The dialogue is primarily between four characters, the free-thinkers Alciphron and Lysicles, Berkeley's spokesman Euphranor, and Crito, who serves as a spokesman for traditional Christianity. The mostly-silent narrator of the dialogue is given the name Dion.

== Contents ==
The work contains two especially notable sections:
- Dialogue IV, in which Berkeley presents a novel teleological argument for the existence of God based on Berkeley's theory of visual language, defended in the Essay Toward a New Theory of Vision (first published in 1709, and included with the first edition of Alciphron).
- Dialogue VII, in which Berkeley presents a novel theory of language which has been compared with the theory of language advocated by Ludwig Wittgenstein in his Philosophical Investigations.
In a later work, The Theory of Vision Vindicated and Explained (first published in 1733), Berkeley adduced the work of Alberto Radicati as evidence that the views advocated by the character Lysicles were not overly exaggerated (para. 5).

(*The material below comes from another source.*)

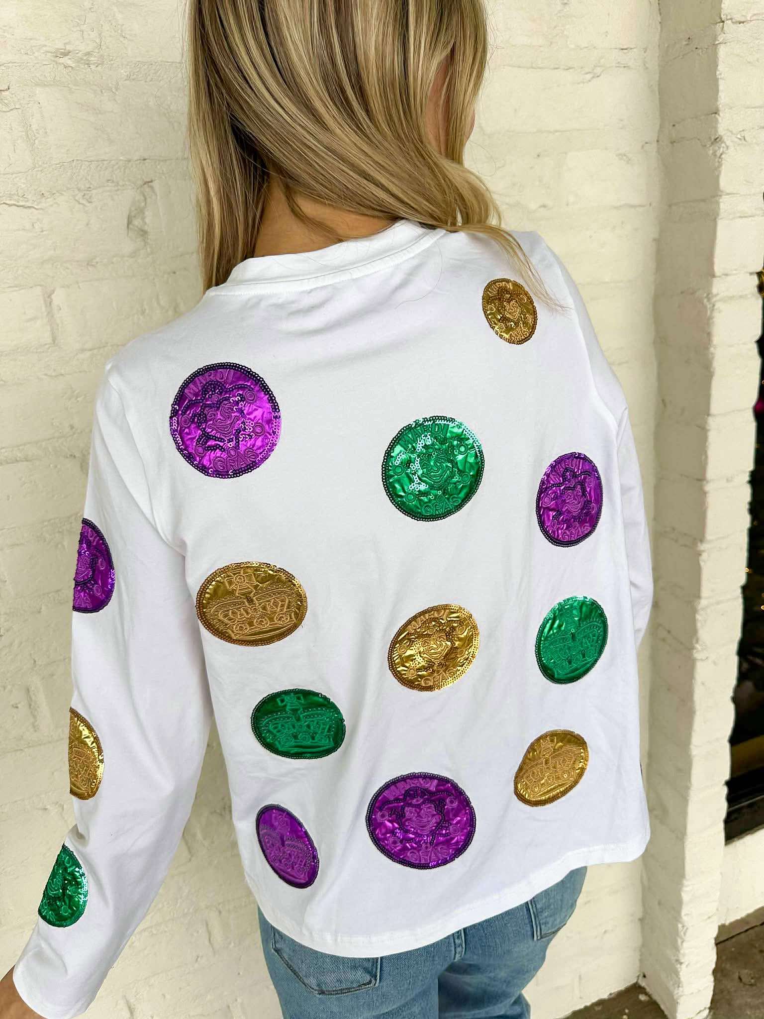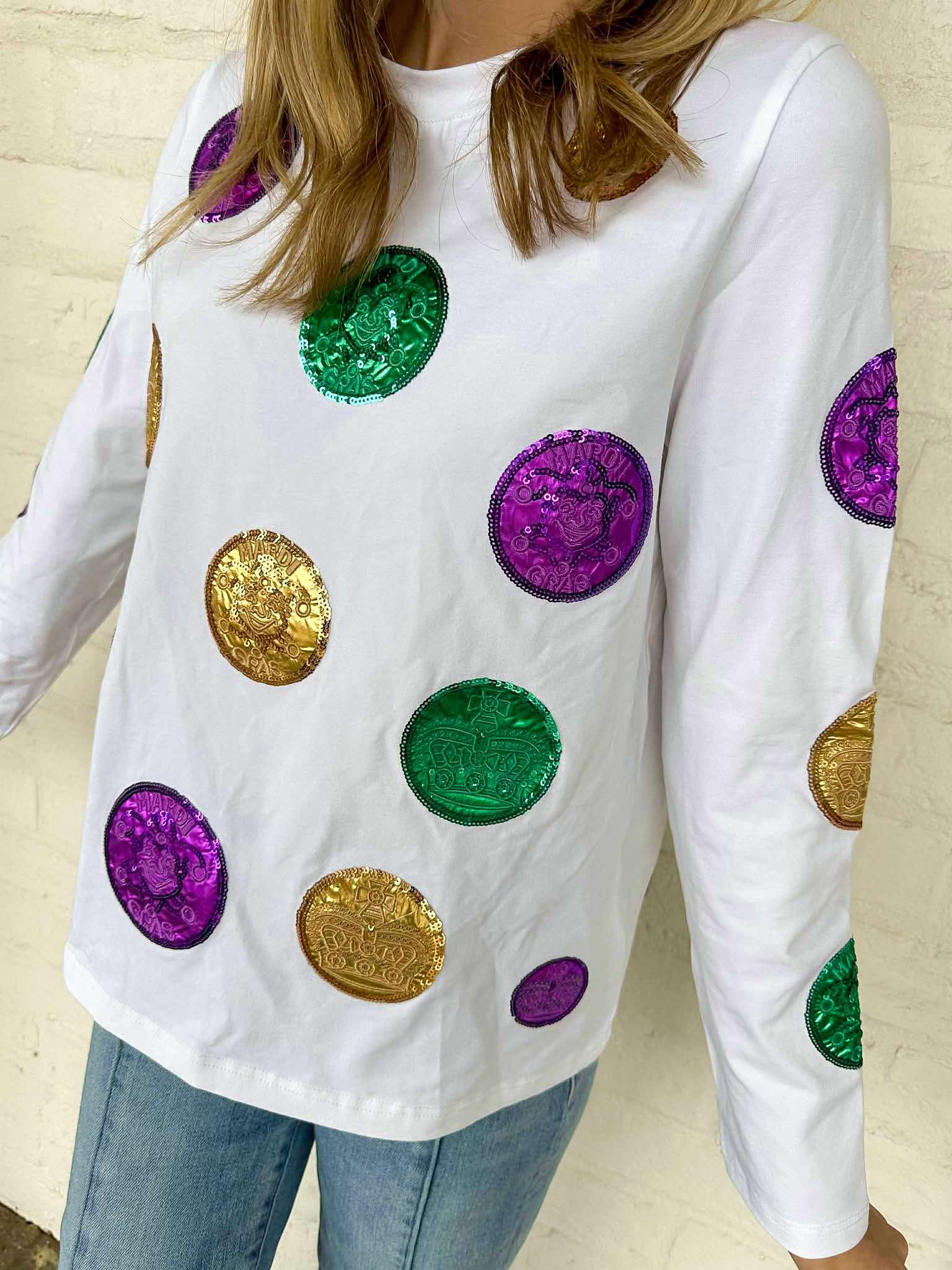 Celebrate the spirit of Mardi Gras with the Mardi Gras Scattered Doubloon Long sleeve! Adorned with vibrant doubloons on both front and back, this shirt embodies the festive energy of the season. Wear it to bring joy and a touch of color to any celebration!

The work expressed Berkeley's anti-Catholicism. In it, he suggested that freethinking, by damaging Protestantism, would leave England open to conversion by Roman Catholic missionaries. In 1742, the Catholic Church responded to the work's anti-Catholic views by placing it on the Index of Forbidden Books, where it remained until the abolition of the Index in 1966.

== Publication ==
It was originally published anonymously under the full title Alciphron: or, the minute philosopher. In seven dialogues. Containing an apology for the Christian religion, against those who are called free-thinkers, printed in London by J. Tonson in 2 volumes. The second volume contains his An Essay towards a New Theory of Vision and so it was not very anonymous.

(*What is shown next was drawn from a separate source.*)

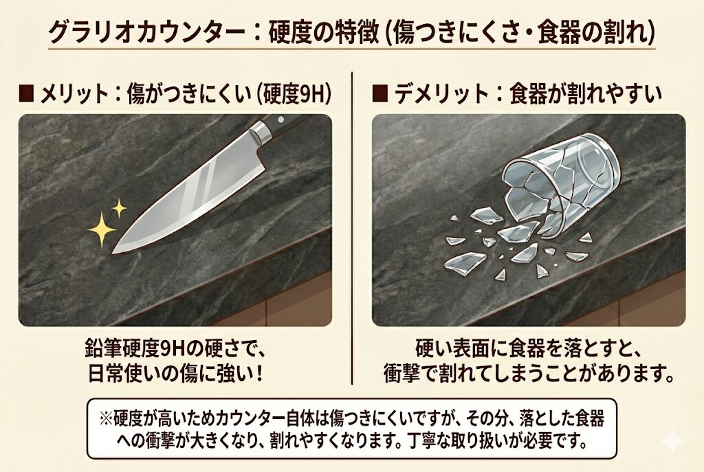 グラリオカウンターの硬度9Hという特性は、傷がつきにくいメリットがある一方で、食器が割れやすいというデメリットももたらします。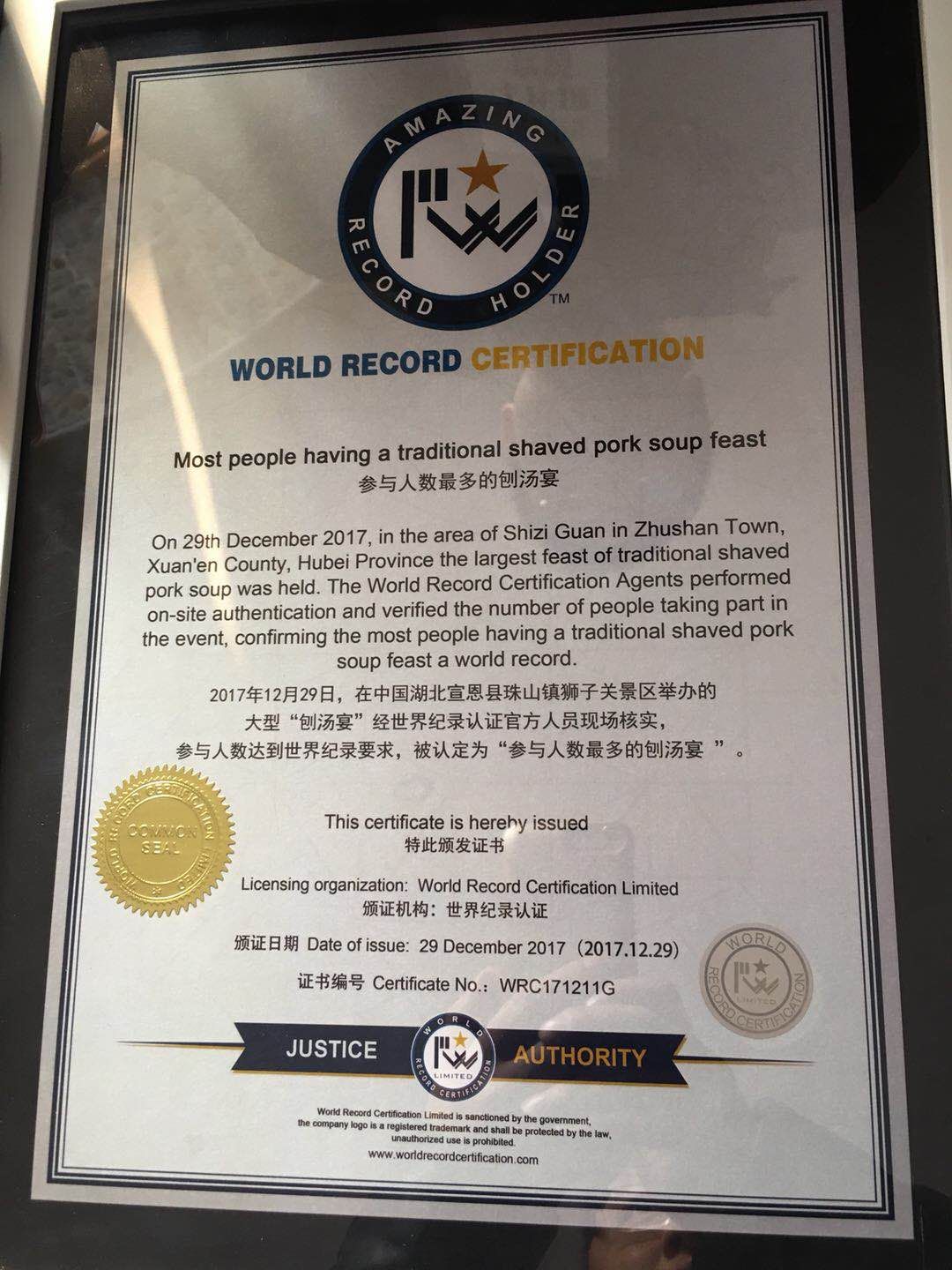 △图为世界纪录认证机构(WRCA)颁发的证书

The posthumous 1755 edition was the first to include Berkeley's name as author. The book was begun while Berkeley was living at Whitehall Farm, Rhode Island, and then finished when he came back to London in 1731.

== Reception ==
The book was criticised by a letter in the Daily Postboy (September 1732) to whom Berkeley replied in his Theory of Vision (1733). Peter Browne, Bishop of Cork, responded to Berkeley in his Divine Analogy (1733). Bernard Mandeville replied in a pamphlet entitled A Letter to Dion (1732). Lord Hervey protested against Alciphron's rationalism in his Some Remarks on the Minute Philosopher (1732). Francis Hutcheson's philosophical criticism appeared in the fourth edition of his Inquiry into the Origin of our Ideas of Beauty and Virtue (1738). The American clergyman Samuel Johnson wrote a more sympathetic review in the Elementa Philosophica (1752).